> **SOURCE MATERIAL**:
◇ ◇ ◇ ◇ ◇

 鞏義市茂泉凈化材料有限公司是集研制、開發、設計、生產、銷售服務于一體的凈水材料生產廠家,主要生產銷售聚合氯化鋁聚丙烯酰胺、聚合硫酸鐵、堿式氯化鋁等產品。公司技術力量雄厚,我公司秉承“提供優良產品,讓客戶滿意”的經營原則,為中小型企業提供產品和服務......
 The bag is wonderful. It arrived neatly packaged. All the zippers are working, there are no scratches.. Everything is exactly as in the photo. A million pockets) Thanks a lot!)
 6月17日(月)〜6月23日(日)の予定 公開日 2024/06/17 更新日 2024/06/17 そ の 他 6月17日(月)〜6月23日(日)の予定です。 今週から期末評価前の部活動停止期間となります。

◇ ◇ ◇ ◇ ◇

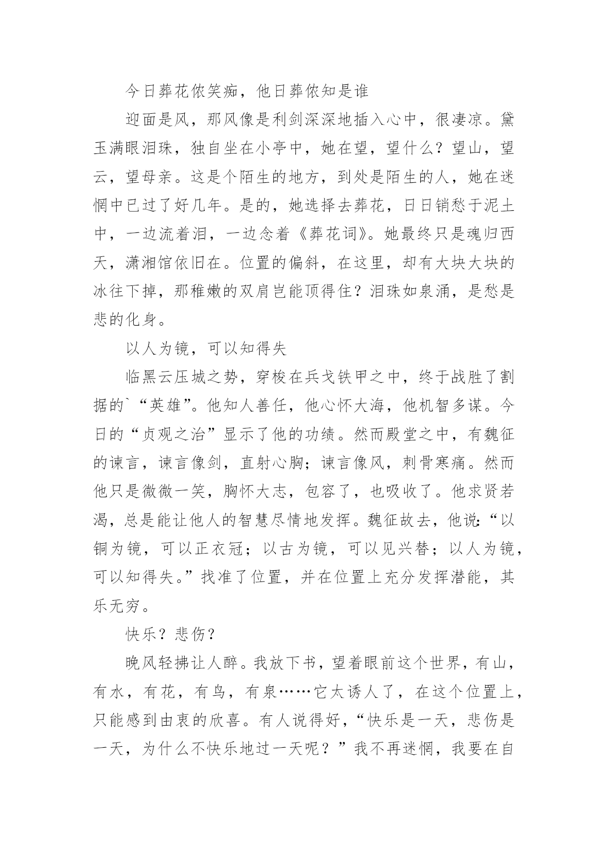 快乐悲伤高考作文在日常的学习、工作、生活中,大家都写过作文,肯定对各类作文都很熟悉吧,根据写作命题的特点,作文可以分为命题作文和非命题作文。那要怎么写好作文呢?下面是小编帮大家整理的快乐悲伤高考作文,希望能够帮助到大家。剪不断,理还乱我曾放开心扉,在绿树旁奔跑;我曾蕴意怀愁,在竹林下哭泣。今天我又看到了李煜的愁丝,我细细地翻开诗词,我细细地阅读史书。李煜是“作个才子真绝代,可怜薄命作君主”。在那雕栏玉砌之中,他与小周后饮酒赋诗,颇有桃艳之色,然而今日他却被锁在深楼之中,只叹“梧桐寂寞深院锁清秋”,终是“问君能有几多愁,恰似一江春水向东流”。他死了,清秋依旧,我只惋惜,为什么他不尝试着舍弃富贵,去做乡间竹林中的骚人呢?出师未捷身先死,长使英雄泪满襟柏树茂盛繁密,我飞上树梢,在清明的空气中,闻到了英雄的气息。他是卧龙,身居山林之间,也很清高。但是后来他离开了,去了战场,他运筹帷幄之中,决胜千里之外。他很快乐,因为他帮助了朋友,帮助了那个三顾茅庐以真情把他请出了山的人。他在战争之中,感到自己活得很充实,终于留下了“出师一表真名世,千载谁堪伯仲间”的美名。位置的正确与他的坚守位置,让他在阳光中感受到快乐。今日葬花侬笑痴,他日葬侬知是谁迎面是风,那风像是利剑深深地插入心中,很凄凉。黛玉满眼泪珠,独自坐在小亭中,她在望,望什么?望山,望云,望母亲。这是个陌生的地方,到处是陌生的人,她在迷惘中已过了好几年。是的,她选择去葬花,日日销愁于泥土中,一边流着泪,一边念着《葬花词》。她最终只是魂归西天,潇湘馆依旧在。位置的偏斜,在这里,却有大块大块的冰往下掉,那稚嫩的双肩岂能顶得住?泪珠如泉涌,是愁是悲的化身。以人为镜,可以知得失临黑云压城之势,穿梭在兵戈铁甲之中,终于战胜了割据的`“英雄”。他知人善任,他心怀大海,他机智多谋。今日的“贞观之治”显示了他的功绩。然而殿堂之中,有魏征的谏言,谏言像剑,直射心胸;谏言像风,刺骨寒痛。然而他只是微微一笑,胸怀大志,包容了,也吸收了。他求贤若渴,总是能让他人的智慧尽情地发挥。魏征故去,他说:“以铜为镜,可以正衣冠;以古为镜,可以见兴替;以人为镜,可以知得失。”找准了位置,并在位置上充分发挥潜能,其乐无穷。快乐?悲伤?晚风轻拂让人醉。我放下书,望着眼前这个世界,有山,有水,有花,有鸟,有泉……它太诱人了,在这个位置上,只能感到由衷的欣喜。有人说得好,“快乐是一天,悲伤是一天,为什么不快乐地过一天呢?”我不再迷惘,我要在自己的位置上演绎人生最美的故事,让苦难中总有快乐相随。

◇ ◇ ◇ ◇ ◇

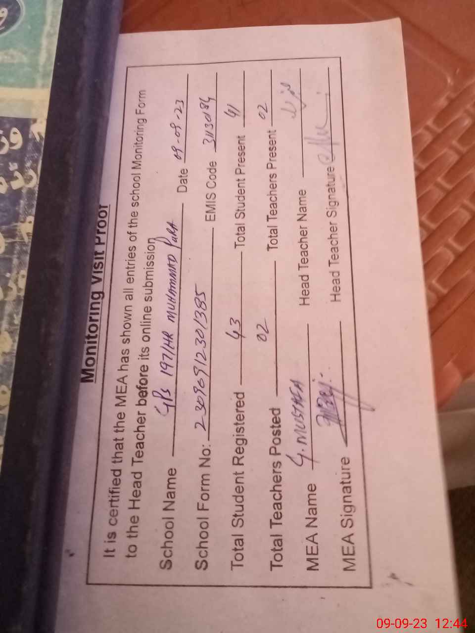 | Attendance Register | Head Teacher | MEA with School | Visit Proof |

◇ ◇ ◇ ◇ ◇

> **AIM OF THE TASK**: In the material above, transcribe exactly the lines beginning at the one with "鞏義市茂泉凈化材料有限公司是" and ending at the one with "6月17日(月)〜6月23日(日)の予定 公開日 2024/06/17", both included.

> **SOLUTION TO THE PROBLEM**:
 鞏義市茂泉凈化材料有限公司是集研制、開發、設計、生產、銷售服務于一體的凈水材料生產廠家,主要生產銷售聚合氯化鋁聚丙烯酰胺、聚合硫酸鐵、堿式氯化鋁等產品。公司技術力量雄厚,我公司秉承“提供優良產品,讓客戶滿意”的經營原則,為中小型企業提供產品和服務......
 The bag is wonderful. It arrived neatly packaged. All the zippers are working, there are no scratches.. Everything is exactly as in the photo. A million pockets) Thanks a lot!)
 6月17日(月)〜6月23日(日)の予定 公開日 2024/06/17 更新日 2024/06/17 そ の 他 6月17日(月)〜6月23日(日)の予定です。 今週から期末評価前の部活動停止期間となります。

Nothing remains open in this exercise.